Stored data entries:

● ● ● ● ● ● ●

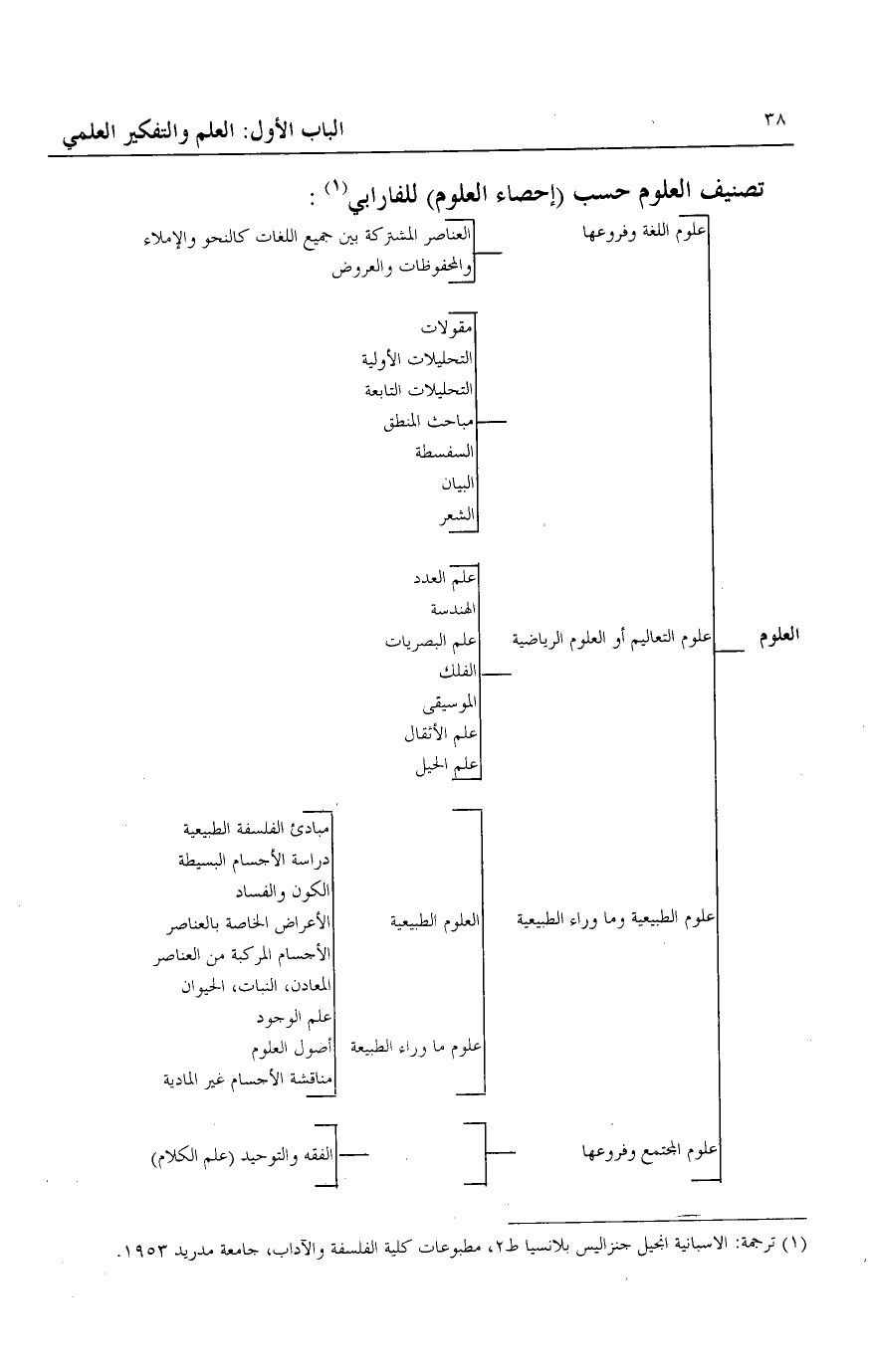 تصنيف العلوم حسب "إحصاء العلوم" للفارابي 1:
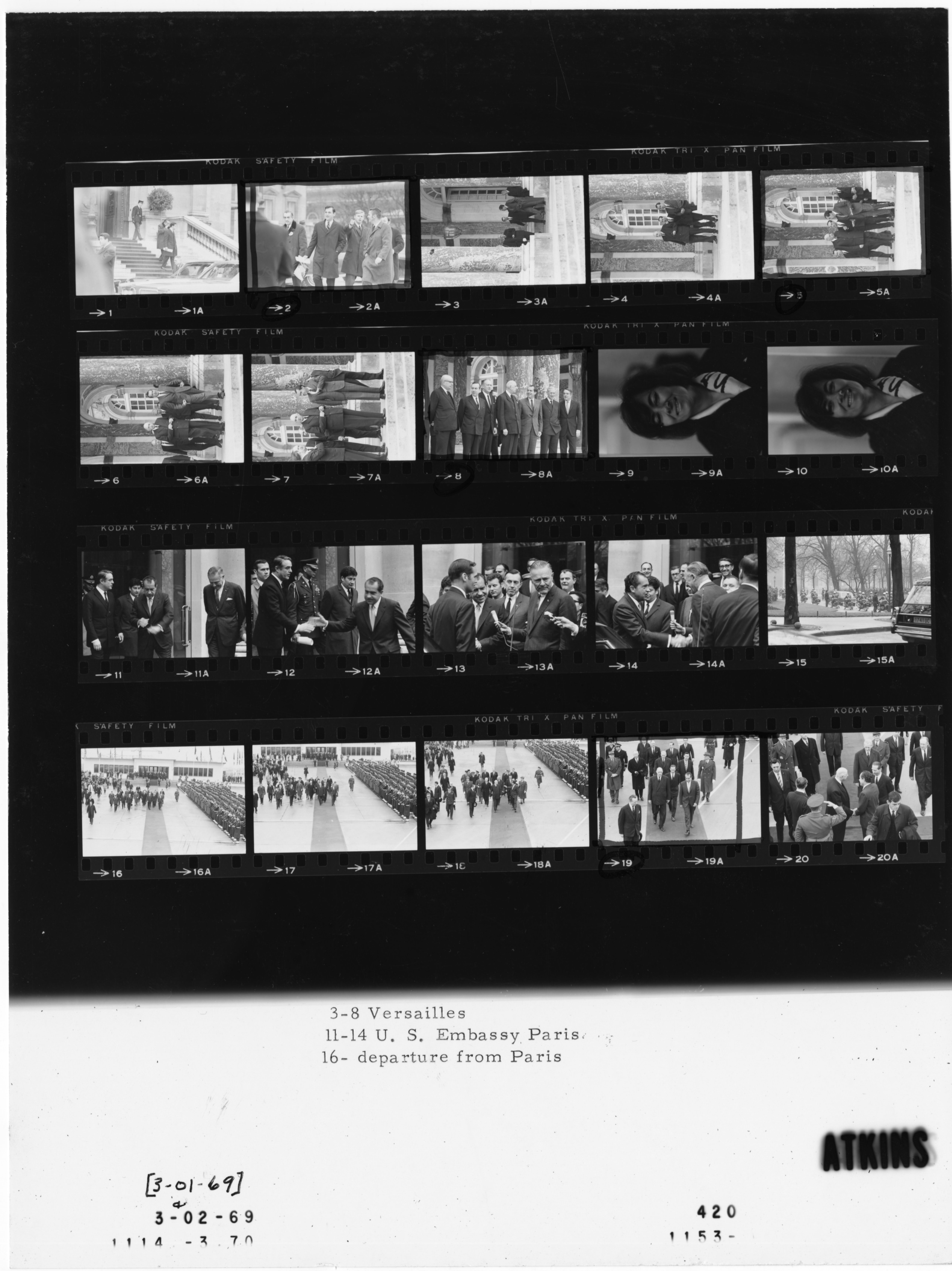 - Frame(s): WHPO-0416-, President Nixon arriving at the American Embassy. Nixon greeting invited French citizens and sitting with them around a conference table. Nixon shaking hands with Embassy employees and Marine guard. 3/1/1969, Paris, France American Embassy. President Nixon, Henry Kissinger, American officials, French citizens.
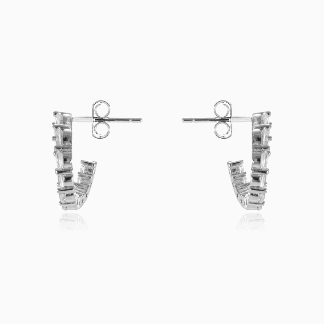 Modern and unique semi circle earrings decorated with big to small round cut cubic zirconia.
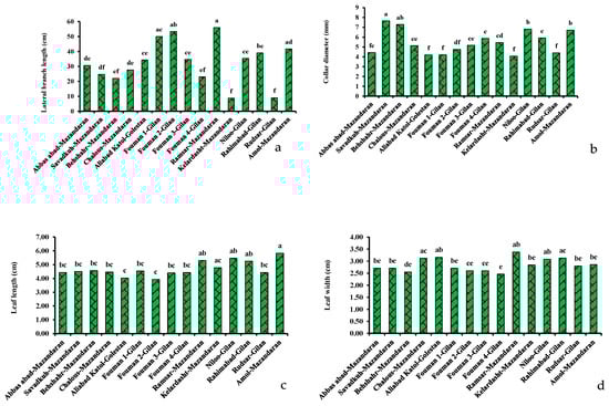 Mean comparison for lateral branch length (a), collar diameter (b), leaf length (c), and leaf width (d) of different ecotypes of M. aquatica collected from the Hyrcanian hotspot of Iran. Different letters indicate significant differences according to the LSD test at p < 0.05.
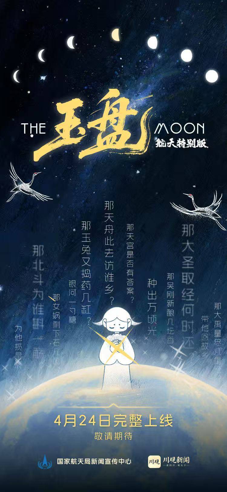 值得注意的是,本次《玉盘·航天特别版》歌曲MV由国家航天局新闻宣传中心、四川日报·川观新闻联合出品,完整版将于4月24日“中国航天日”当天由川观新闻首发,敬请期待。
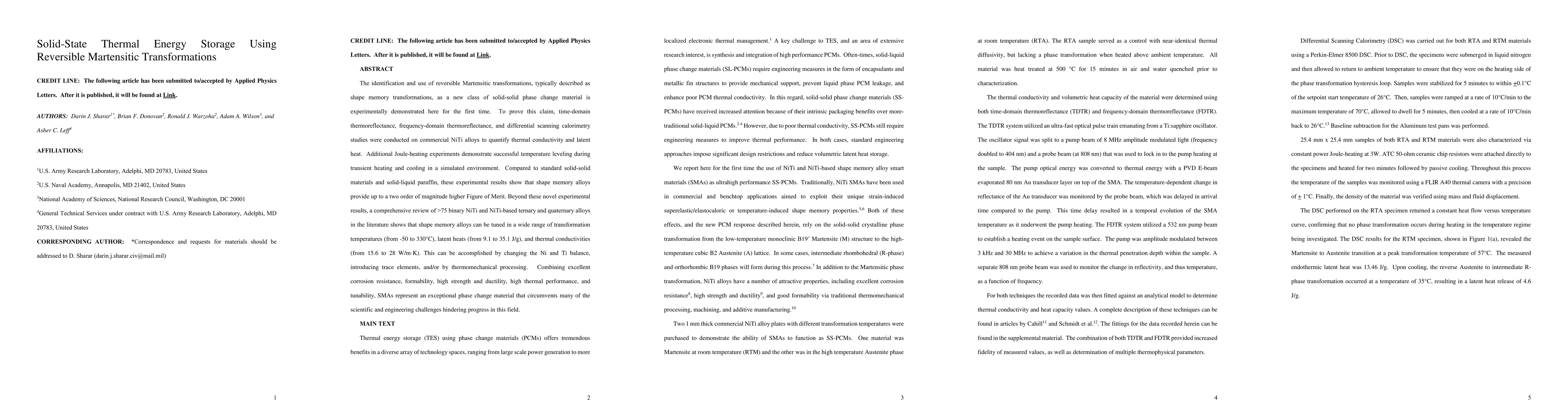 This paper demonstrates the novel use of reversible martensitic transformations in NiTi shape memory alloys for solid-state thermal energy storage, showcasing their significantly higher Figure of Merit compared to standard materials. The study highlights the tunability of these alloys in terms of transformation temperatures, latent heat, and thermal conductivity, making them a promising material for thermal energy storage applications.
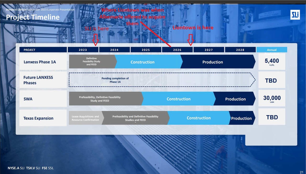 Since Albemarle recently offered to buy Liontown (it fell through), I decided to compare SLI's production timeline with Liontown's for our reference.
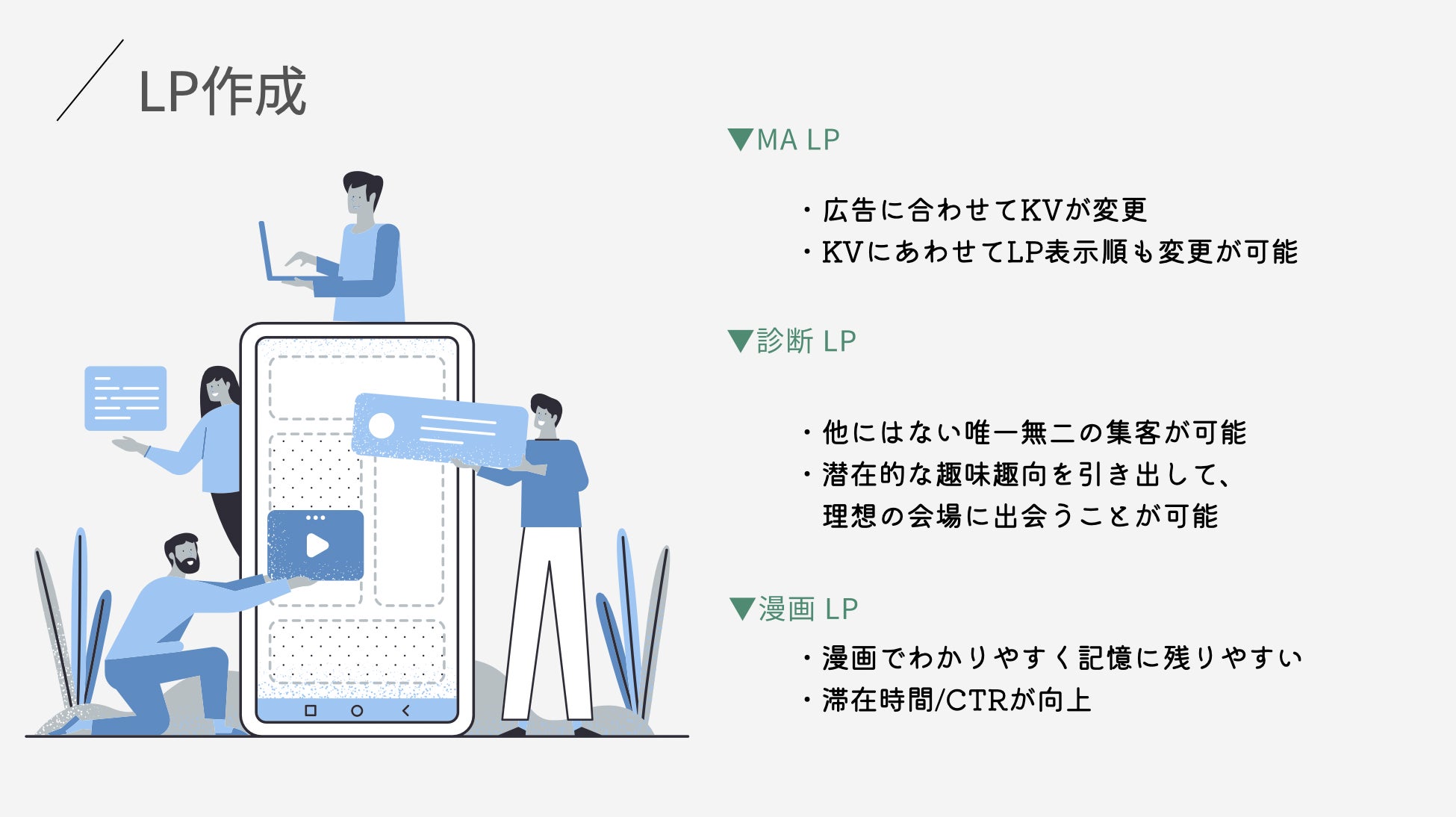 | 60%以上の女性が週に会は漫画を呼んでいると言われている昨今。 よりわかりやすく、記憶に残りやすい漫画LPでサービスの理解を深め、CTRの向上、購買意欲に繋げることが可能に! |
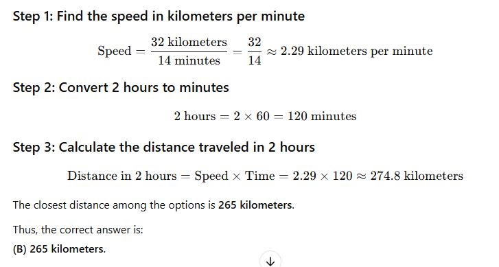 A train covers 32 kilometers in 14. If it continues to travel at the same rate, which of the following is closest to the distance it will travel in 2 hours...? Mcqs
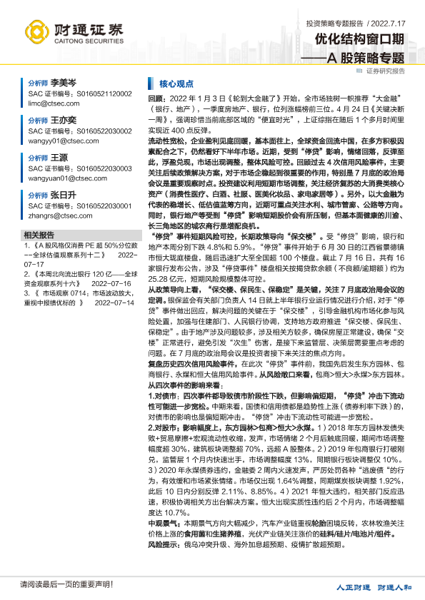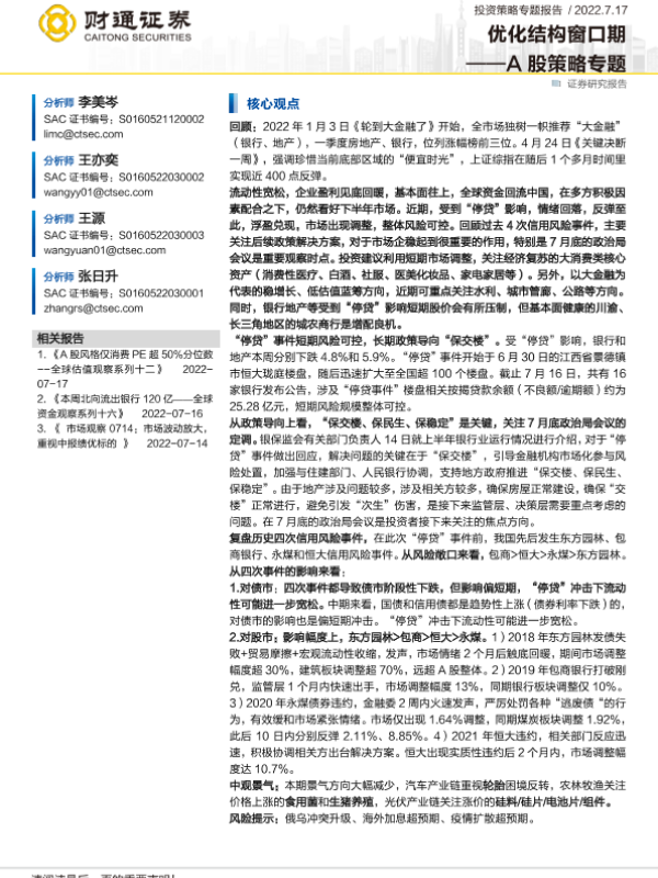 【财通证券】【20220717】A股策略专题:优化结构窗口期-20页
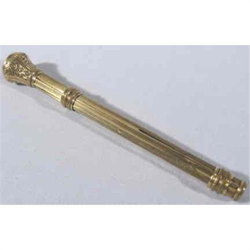A beautiful English Victorian Combination Pen and pencil. The Pencil is retractable and is moved in and out by the top ring that slides down the body of the item. When needed as a pen a pen nib may be inserted into a special slot at the end that is next to where the pencil appears.There is a large Citrine coloured stone at the end of the item, which is decorated with flowers.
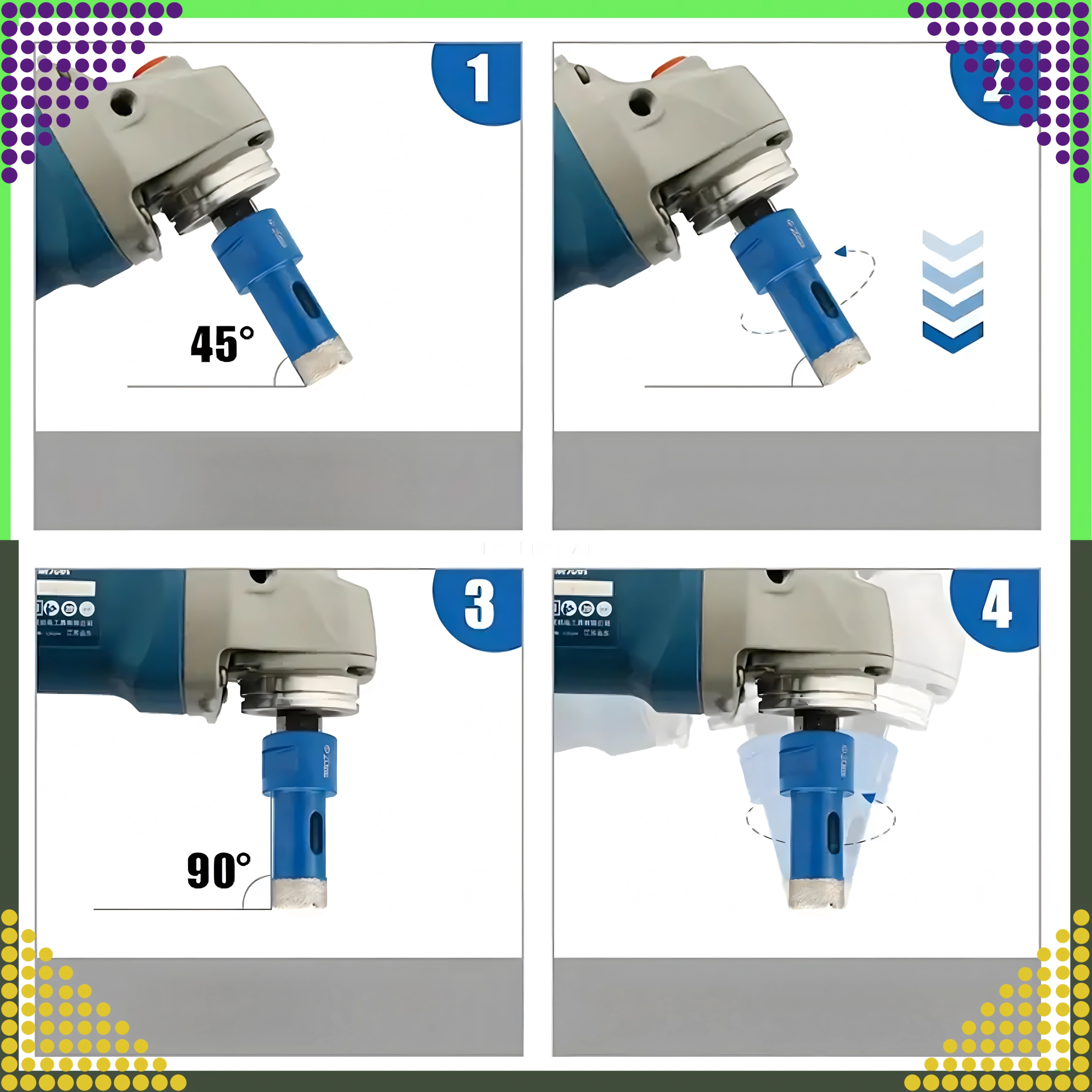 - Breed inzetbaar: gres, keramische tegels, beton, baksteen, graniet en andere harde oppervlakken.
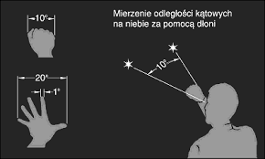 Jak mierzyć te kąty? W astronomii i astronawigacji na przestrzeni wieków używano różnych narzędzi od prymitywnego kwadrantu dawniej, który i dzisiaj bez nakładu większych środków każdy może wykonać w domu, po zaawansowany sekstant, z powodzeniem wciąż używany i dostępny współcześnie. Nam jednak wystarczy nasza własna dłoń wyciągnięta na odległość ręki, ewentualnie linijka. Nie będzie to oczywiście pomiar dokładny lecz na nasze potrzeby wystarczający. Okazuje się, że wyciągnięta na odległość całej ręki dłoń i jej części mierzą określone kąty wobec oczu obserwatora, i to względnie jednakowe u wszystkich ludzi, ze względu na zachowane proporcje budowy ciał. Tak oto złożona w pięść od kciuka do przeciwległego krańca mierzy 10°, rozczapierzona od czubka małego palca po czubek kciuka - 20°, szerokość palca to około 1°, długość płytki paznokcia u kciuka - 2°.

● ● ● ● ● ● ●

About this exercise:
Could you repeat exactly the lines from the first one of the records above through the line containing "Modern and unique", leaving out any pictures?

Task response:
 تصنيف العلوم حسب "إحصاء العلوم" للفارابي 1:
 - Frame(s): WHPO-0416-, President Nixon arriving at the American Embassy. Nixon greeting invited French citizens and sitting with them around a conference table. Nixon shaking hands with Embassy employees and Marine guard. 3/1/1969, Paris, France American Embassy. President Nixon, Henry Kissinger, American officials, French citizens.
 Modern and unique semi circle earrings decorated with big to small round cut cubic zirconia.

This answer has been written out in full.